Here an example of a small Express.js endpoint to handle the query:

import express, { type Request, type Response } from "express";
import {
  ChatCompletionRequestMessage,
  askDocQuestion,
  indexMarkdownFiles,
} from "./askDocQuestion";

// Automatically fill the vector store with embeddings when server starts
indexMarkdownFiles();

const app = express();

// Parse incoming requests with JSON payloads
app.use(express.json());

type AskRequestBody = {
  messages: ChatCompletionRequestMessage[];
};

// Routes
app.post(
  "/ask",
  async (
    req: Request<undefined, undefined, AskRequestBody>,
    res: Response<string>
  ) => {
    try {
      const response = await askDocQuestion(req.body.messages);

      res.json(response);
    } catch (error) {
      console.error(error);
    }
  }
);

// Start server
app.listen(3000, () => {
  console.log(`Listening on port 3000`);
});

5. UI: Making a Chatbot Interface

On the frontend, I built a small React component with a chat-like interface.
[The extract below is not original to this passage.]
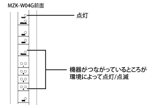 ※ケーブルが接続されているポートに対応したLEDが点灯または点滅します。

It sends messages to my Express backend and displays the replies. Nothing too fancy, so we’ll skip the details.

Code template

I made a code template for you to use as a starting point for your own chatbot.

Live Demo

If you want a test the final implement this chatbot, check out this demo page

My demo Code

Go Further

On Youtube, have a look at this video of Adrien Twarog as treat of OpenAI Embeddings and Vector Databases

I also stumbled upon OpenAI’s Assistants File Search documentation, which might be interesting if you want an alternative approach.

Conclusion

I hope this gives you an idea of how to handle documentation indexing for a chatbot:

  • Using chunking + overlap so that the right context is found,
  • Generating embeddings and storing them for quick vector similarity searches,
  • Finally handing it off to ChatGPT with the relevant context.

I’m not an AI expert, this is just a solution that I found works well for my needs. If you have any tips on improving efficiency or a more polished approach, please let me know. I’d love to hear feedback on vector storage solutions, chunking strategies, or any other performance tips.

Thanks for reading and feel free to share your thoughts!